Bonds, ETFs, the Future: How to Make Your Money Work While You Sleep
No cap, you don’t need big bucks to start investing.
By Lim Yian Lu,
You’ve probably scrolled past TikToks about stocks, crypto, or “passive income hacks” and thought you’ll need big bucks to start. But investing isn’t just for rich uncles in suits. It’s one of the smartest things you can do to grow your money, and you can start way smaller than you think. But before we get into the magic number, let’s settle the basics.
Investing versus saving: What’s the difference?
Saving is like leaving your money to nap in a bank account. It’s safe but barely moving, earning less than one per cent interest a year. Investing, on the other hand, is like sending your money to the gym. It works harder, grows faster (if done right), and can outpace inflation. Sure, there’s a bit of risk, but risk is where the gains live.
Why bother investing?
Because inflation is eating your savings alive. Remember when kopi used to be $0.90? Now it’s $1.30, and that’s your sign. If your money is just sitting in a savings account, it’s slowly losing buying power. Investing helps your money grow faster than inflation so that future you can still afford your iced oat latte. Think of investing as your secret weapon for financial freedom. It’s how you make your money hustle for you instead of just sitting there.
Who should be investing?
Anyone who has an emergency fund covering three to six months of expenses is already in a good spot to start. Even students or fresh grads can invest! You don’t need to be rich or a finance pro (at least know some basics). Build wealth slowly and let compound interest do its magic.
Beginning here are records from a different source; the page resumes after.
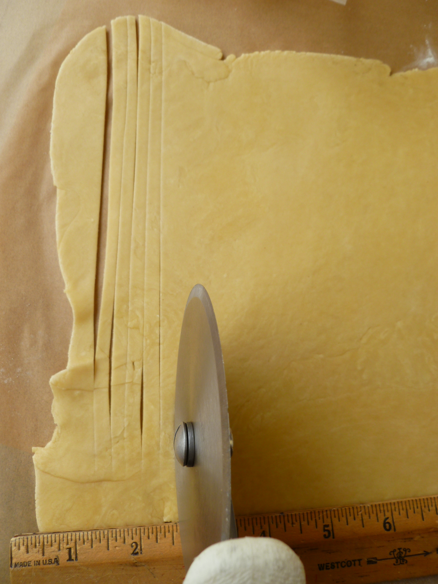 4. Place a ruler or measuring tape at the edge of the rectangle of dough to serve as a guide as you cut it into noodles (1/4-inch in width) with a pizza cutter or knife: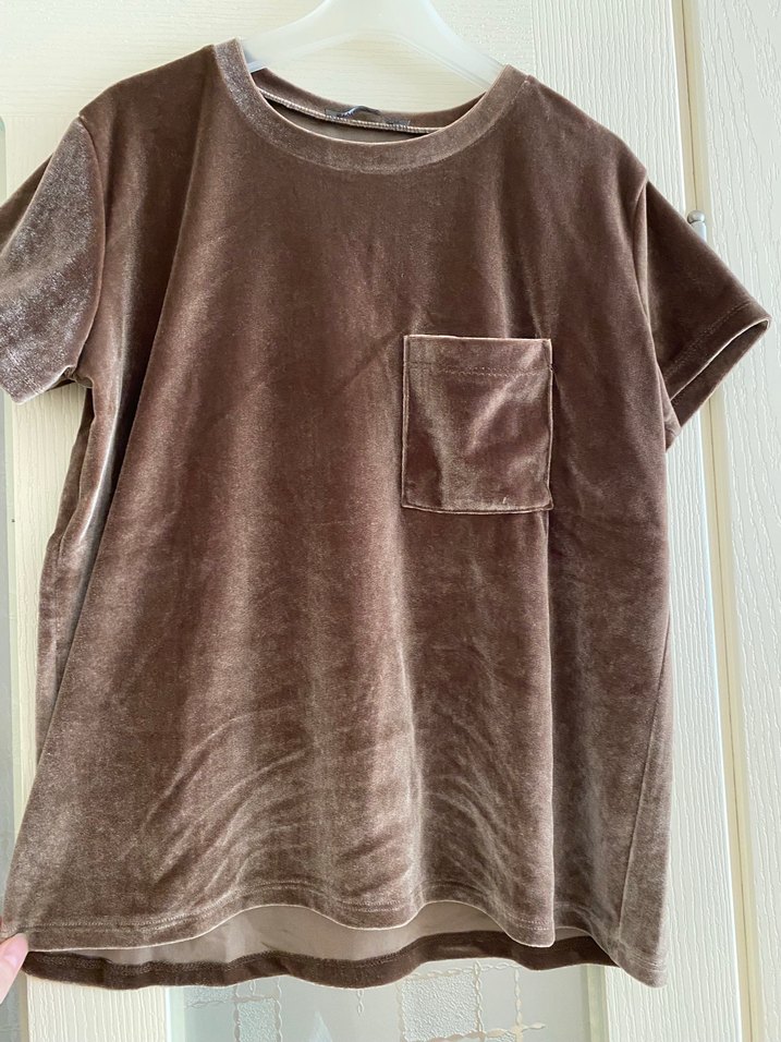 Kadınlar için kısa kollu, yuvarlak yakalı, rahat kesim kahverengi kadife tişört. Normal boyda, göğüs cebine sahip, konforlu ve şık tarz sunar birkaç sefer giyildi
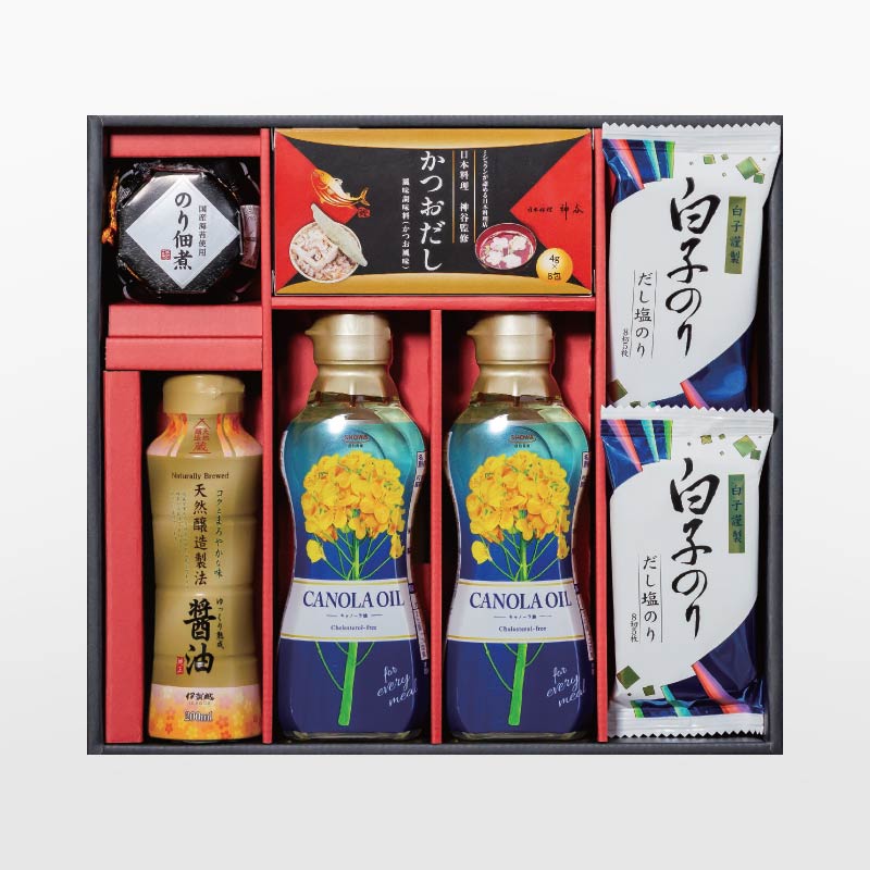 | 内 容 | 昭和キャノーラ油300g×2、伊賀越天然醸造醤油200ml、のり佃煮80g、かつおだし4g×8、白子だし塩のり8切5枚×2 |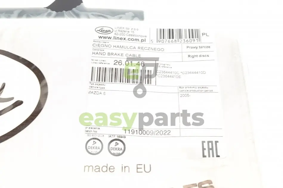 Трос ручника (задній) (R) Mazda 5 05- (1810/1680mm) LINEX 26.01.46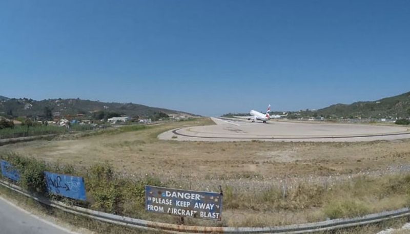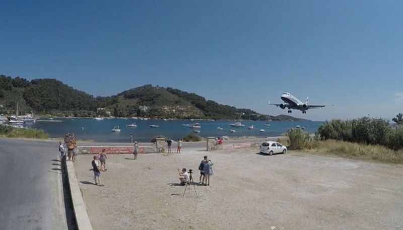 ബീച്ചിന് തൊട്ടടുത്തുള്ള പടിയില് കയറിയവരൊക്കെ വിമാനം കടന്നുപോയപ്പോഴുണ്ടായ ശക്തമായ കാറ്റില് നിലത്തേക്ക് വീണു. ഗ്രീസിലെ സ്കിയാത്തോസ് വിമാനത്താവളത്തില് നിന്നുള്ളതാണ് കാഴ്ച. കടലിനോട് ചേര്ന്നുള്ള വിമാനത്താവളത്തിന്റെ റണ്വേയും കടലിനും ഇടയില് ഏതാനും മീറ്ററുകള് മാത്രമാണുള്ളത്.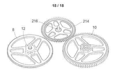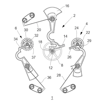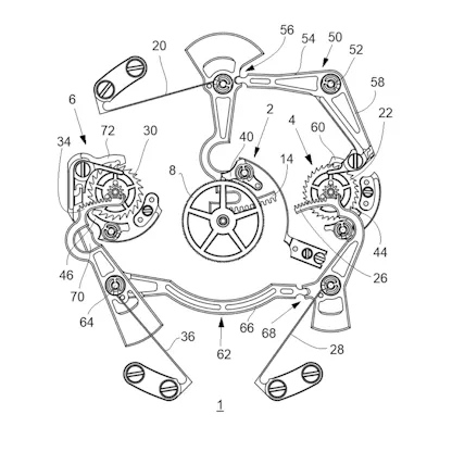 Here the three racks can easily be seen: 26 is the minute rack; 14 is the seconds rack; and 34 is the hour rack (the positions of the racks in the patent filing are slightly different from their final positions in the actual watch but the basic principle is the same). Once the chronograph starts, the wheels begin to turn and the racks begin to pivot on their levers. Once each wheel had made one full rotation, the racks snap back to its starting position under the influence of their springs (36, 28, and 20) and begin pivoting again.

What should you invest in?
If you’re a total beginner, Exchange-Traded Funds (ETFs), which track a specific index or indices, are a great starting point because they spread out your risk. Real Estate Investment Trusts (REITs) are solid if you like the idea of earning dividends from property. Blue-chip stocks, like DBS or Singtel, are also beginner-friendly as they’re stable, well-known companies. And if all that sounds like too much work, robo-advisors are your set-and-forget solution.
So, how much do you really need?
With apps like Syfe or StashAway, you can begin with as little as $1. Want a slice of Apple or Tesla? Fractional shares mean you can own a piece without dropping hundreds. It’s less about the number you start with, and more about the habit of investing.
How do you start investing?
First, open a brokerage account or get on a robo-advisor. Apps like Moomoo, Tiger Brokers, or DBS Vickers let you do it yourself, while robo-advisors like Syfe, StashAway, or Endowus will invest for you. Start by setting aside a small part (10 to 20 per cent) of your monthly savings and put it to work. The goal is not to go all-in on the first day but to start early and stay consistent. Even if you don’t fully get all the finance jargon yet, don’t worry since you’ll learn as you go.
The sooner you start investing, the better, even if it’s just kopi money each month. Your future self will thank you for not waiting until you “have enough.” Start now, stay chill during market dips, and let your money grow while you focus on living your best life. Investing is for anyone who wants their money to work harder, even while you sleep.
We ask Ian Leong, CEO, Tiger Brokers Singapore about the trend of Gen Z investors on their app and this is what he said: "While much has been said about the financial pressures facing Gen Z - rising costs of living and uncertain job markets - what’s often overlooked is how this generation is actively reclaiming financial agency, particularly through investing.
"At Tiger Brokers Singapore, we have observed a 33.5% growth in number of Gen Z users from 2021 to 2024, reflecting a steady and growing commitment among young investors taking control of their financial futures. They are educating themselves, seeking out opportunities, and building portfolios earlier than any generation before.
"We believe this surge in Gen Z investors is driven by both accessibility and empowerment. Tiger Brokers has made it a priority to lower the barriers to investing, through offerings such as fractional shares and low trading commissions so that even those with small capital can get started. Beyond tools, we also aim to equip younger investors with the knowledge and confidence to make informed decisions, through a growing ecosystem of in-app learning resources, university partnerships, and a vibrant in-app community. Our platform not only provides access, but also creates a space for peer learning, real-time market discussions, and ongoing financial literacy.
"Among Tiger's Gen Z investors in Singapore, 3 out of 4 are investing in equities, reflecting their strong preference for growth-oriented assets and confidence in the stock market. Beyond stocks, there is a noticeable interest in funds, suggesting that younger investors are also thinking long-term and beginning to diversify their portfolios. The presence of Gen Zs exploring options (typically viewed as a more complex and technical product) highlights their growing financial maturity and willingness to engage with more advanced strategies. Bonds, on the other hand, remain the least attractive, indicating a discerning approach where underperforming or lower-yield instruments are consciously deprioritised. Altogether, this signals a generation that is stepping into the markets with intent, curiosity, and a fast-evolving sense of sophistication."